Non-inlined device functions for compute capability 2.0?

Hello,

does cuda (nvcc 3.2) support non-inlined device functions for compute capability 2.0?

I could not find an up-to-date answer to that question. Older entries say, that fermi is going to support it…

I use “Cuda compilation tools, release 3.2, V0.2.1221” and compile with arch=sm_20 option and i get an “Error: External calls are not supported (found non-inlined call to …)” error.

nvcc --version

nvcc: NVIDIA ® Cuda compiler driver

Copyright © 2005-2010 NVIDIA Corporation

Built on Thu_Sep__9_17:06:50_PDT_2010

Cuda compilation tools, release 3.2, V0.2.1221

GPU:

GeForce GTX 470

Example:

kernel.cu

#include "devfunc.cuh"

#include "kernel.cuh"

__global__ void kernel() {

	testfunc();  

}

kernel.cuh

#ifndef _MY_KERNEL_CUH_

#define _MY_KERNEL_CUH_

__global__ void kernel();

#endif

devfunc.cu

#include "devfunc.cuh"

__device__ void testfunc() {

}

devfunc.cuh

#ifndef __TEST_FUNC_CUH_

#define __TEST_FUNC_CUH_

__device__ void testfunc();

#endif

main.cu

#include "kernel.cuh"

int main(int argc, char**argv) {

kernel<<<1,1>>>();

return 0;

}

nvcc -c -arch=sm_20 kernel.cu

./kernel.cu(5): Error: External calls are not supported (found non-inlined call to _Z8testfuncv)

related posts:

Incremental compilation in nvcc cuda

Calling a class from cuda-kernel

  1. Edit: Example added

  2. Edit: related entries added

AFAIK non-inlined calls are supported on Fermi, but the functions still have to be in the same source file as there is no linker.

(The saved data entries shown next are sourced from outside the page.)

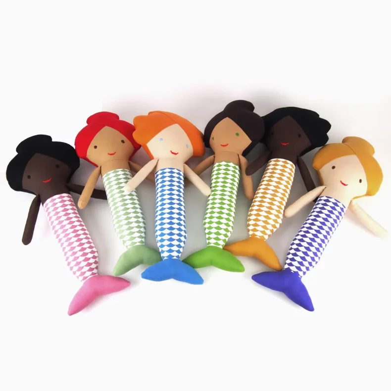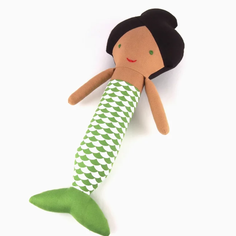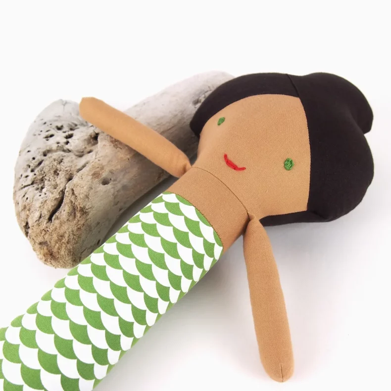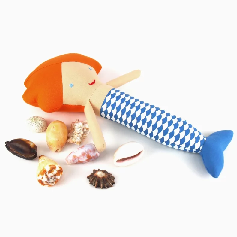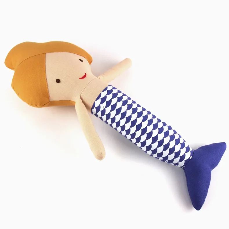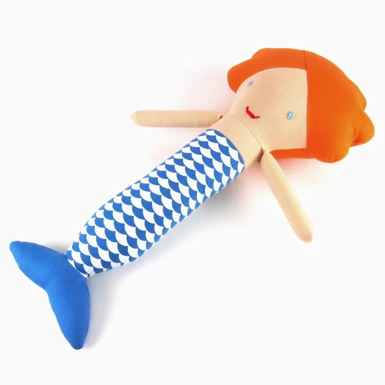 Mořská panna je ušitá ze 100% bavlny, má ručně vyšitý obličej a je vyplněná protialergickým polyesterovým vláknem.
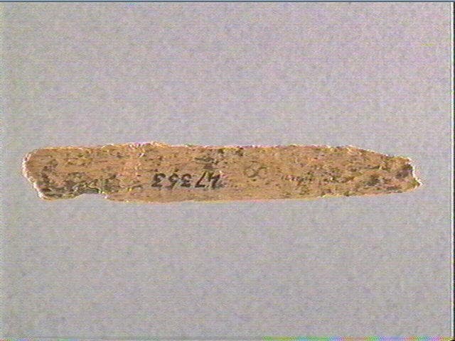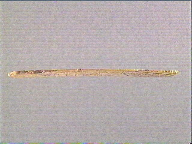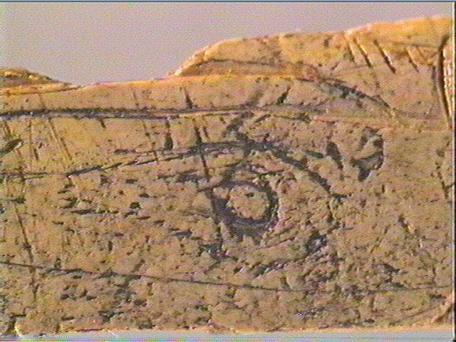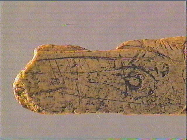 Incision fine, incision en v moyenne, incision en v profonde. Sur une face, cheval gravé : profil gauche, tête très fragmentaire, chanfrein rectiligne, oeil allongé, bande transversale, rayée au niveau de l'encolure, puis formant un damier, crinière, ligne oblique bordée de stries au niveau de la ligne cervicale. A droite, une ligne oblique et une zone couverte de petites cercles faits de courts traits parallèles.
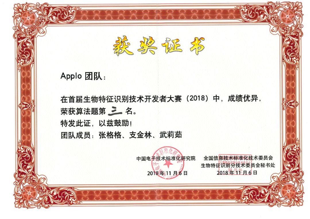 据悉,大赛历时两个多月,吸引了174支队伍,共计320人参加,算法题通过AUC指标对算法的性能进行排名,初赛选取前20进入复赛,Applo团队在初赛阶段就以第5名的成绩,成功入围复赛,复赛阶段,除了AUC指标的算法排名,还需要提交依据GB/T26237.5-2014《信息技术 生物特征识别数据交换格式 第5部分:人脸图像数据》标准生成“人脸数据记录单元”用于标准符合性测试,在通过标准符合性测试的团队中,取前3入围决赛,参与现场答辩,以复赛排名70%和答辩30%的比例进行最终成绩的加权,经过激烈的角逐,pp电子游戏平台官网硕士研究生张格格所在队伍Applo取得了大赛季军,颁奖典礼在11月6日举办的全国信标委生物特征识别分委会(TC28/SC37)2018年全会上作为会议上的一个重要环节进行,与会领导为西电智能学子颁发获奖证书。
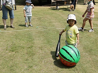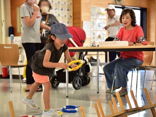 今回用意した昔遊びは、輪なげ・竹馬・水鉄砲・けん玉・お手玉・フラフープ・スイカ割りを用意しました。昔から親しまれている遊びは、遊び方やル-ルが極めてシンプルです。お父さんもお母さんも最初は遠くから見ているだけでしたが一声かけると、子供と一緒に真剣な眼差しで楽しんおりました。また新しい遊 びとしてボッチャとストラックアウトを用意し大変好評をいただきました。
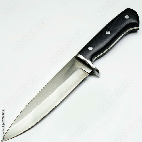 A sleek, stainless steel fixed blade knife with a black, textured handle.
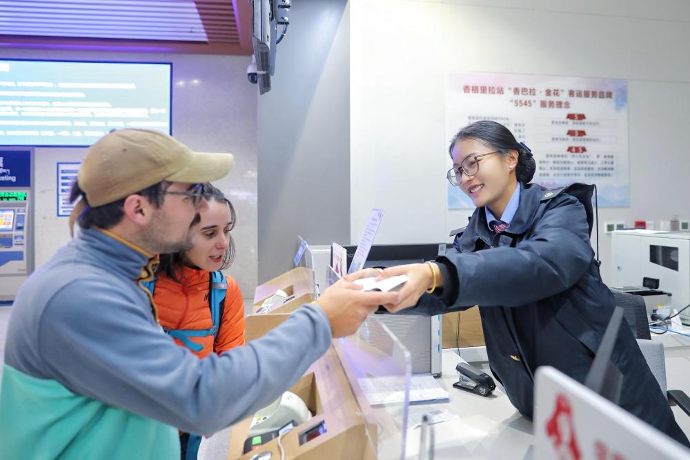 11月18日,外籍旅客在云南香格里拉站“香巴拉·金花”服务台购票。车站为旅客提供“一站式”出行服务。

Thank you for your answer tera,

could you give an example? And what do you mean with “there is no linker”?

Here is a much shorter equivalent example to the one above with the same error:

kernel.cu

__device__ void testfunc();

__global__ void kernel() {

	testfunc();  

}

nvcc -c -arch=sm_20 kernel.cu

./kernel.cu(5): Error: External calls are not supported (found non-inlined call to _Z8testfuncv)

There is no linker means what it says, there is no linkage phase for device code. You must declare all device symbols and code in the same compilation unit, which means in the one file, or in files included into the one file.

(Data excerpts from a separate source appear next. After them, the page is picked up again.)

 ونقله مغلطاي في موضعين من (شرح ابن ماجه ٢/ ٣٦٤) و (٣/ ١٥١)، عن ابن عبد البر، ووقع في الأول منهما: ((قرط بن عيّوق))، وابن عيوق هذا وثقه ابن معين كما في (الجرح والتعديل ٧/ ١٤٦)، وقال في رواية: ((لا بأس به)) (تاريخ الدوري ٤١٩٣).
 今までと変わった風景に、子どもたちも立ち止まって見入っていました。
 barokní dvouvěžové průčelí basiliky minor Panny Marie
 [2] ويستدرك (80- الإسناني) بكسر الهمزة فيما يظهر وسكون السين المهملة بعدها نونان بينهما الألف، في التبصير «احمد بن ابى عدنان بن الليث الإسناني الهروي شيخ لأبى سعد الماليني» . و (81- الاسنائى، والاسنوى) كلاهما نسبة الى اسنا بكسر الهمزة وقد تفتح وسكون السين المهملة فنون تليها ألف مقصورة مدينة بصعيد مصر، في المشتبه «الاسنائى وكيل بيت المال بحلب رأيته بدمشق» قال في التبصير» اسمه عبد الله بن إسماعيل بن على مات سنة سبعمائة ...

In your example you have to have the code for testfunc in the same file (or imported into the same file) where it is called.

Thank you, avidday.

So there is a difference between non-inlined functions and external functions, which are linked in the linkage phase?

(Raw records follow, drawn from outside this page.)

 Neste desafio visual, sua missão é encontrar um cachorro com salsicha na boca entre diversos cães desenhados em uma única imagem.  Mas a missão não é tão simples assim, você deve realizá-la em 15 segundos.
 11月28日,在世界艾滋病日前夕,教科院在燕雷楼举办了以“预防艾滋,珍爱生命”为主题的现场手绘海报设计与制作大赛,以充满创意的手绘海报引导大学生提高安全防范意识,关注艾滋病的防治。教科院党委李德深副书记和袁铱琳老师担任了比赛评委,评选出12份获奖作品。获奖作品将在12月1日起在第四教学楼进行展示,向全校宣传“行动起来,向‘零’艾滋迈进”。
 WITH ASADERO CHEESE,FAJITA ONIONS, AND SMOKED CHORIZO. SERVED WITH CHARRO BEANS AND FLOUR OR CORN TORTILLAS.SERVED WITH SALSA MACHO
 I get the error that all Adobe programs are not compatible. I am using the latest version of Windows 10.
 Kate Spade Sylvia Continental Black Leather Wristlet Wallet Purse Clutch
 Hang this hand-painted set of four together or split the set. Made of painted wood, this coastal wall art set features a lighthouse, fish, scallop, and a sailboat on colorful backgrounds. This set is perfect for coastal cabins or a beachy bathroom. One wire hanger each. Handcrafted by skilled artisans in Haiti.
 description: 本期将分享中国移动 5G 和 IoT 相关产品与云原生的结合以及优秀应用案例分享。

Then the error message “External calls are not supported (found non-inlined call to _Z8testfuncv)” is very misleading, or am I wrong?

It seems like you confusing several concepts. Whether function pointers are supported and whether functions must be declared inline (in the C++ inline keyword sense) are not mutually exclusive. Similarly, compilation unit and scope limitations and function pointer support are also not mutually exclusive.

You must define device functions within the compilation unit they are called in, and their behavior similar to functions declared with the c++ inline keyword. And you can have function pointers to device functions. There is no contradiction between the three.

You are right, actually I implied that compilation units and non-inlining functionality are the same for device code. I was hoping that device functions could be divided in different compilation units and compiled to object files and linked later to a kernel, similar to C++ compiling and linking. But like you already said it is not supported for device code, since there is no linkage phase and only one compilation unit. So incremental compilation for device code is not possible yet. I assumed that the non-inline functionality for compute capability 2.X devices would bring the incremental compilation for device code - but like you already this are two different concepts.

Thank you for your help, avidday!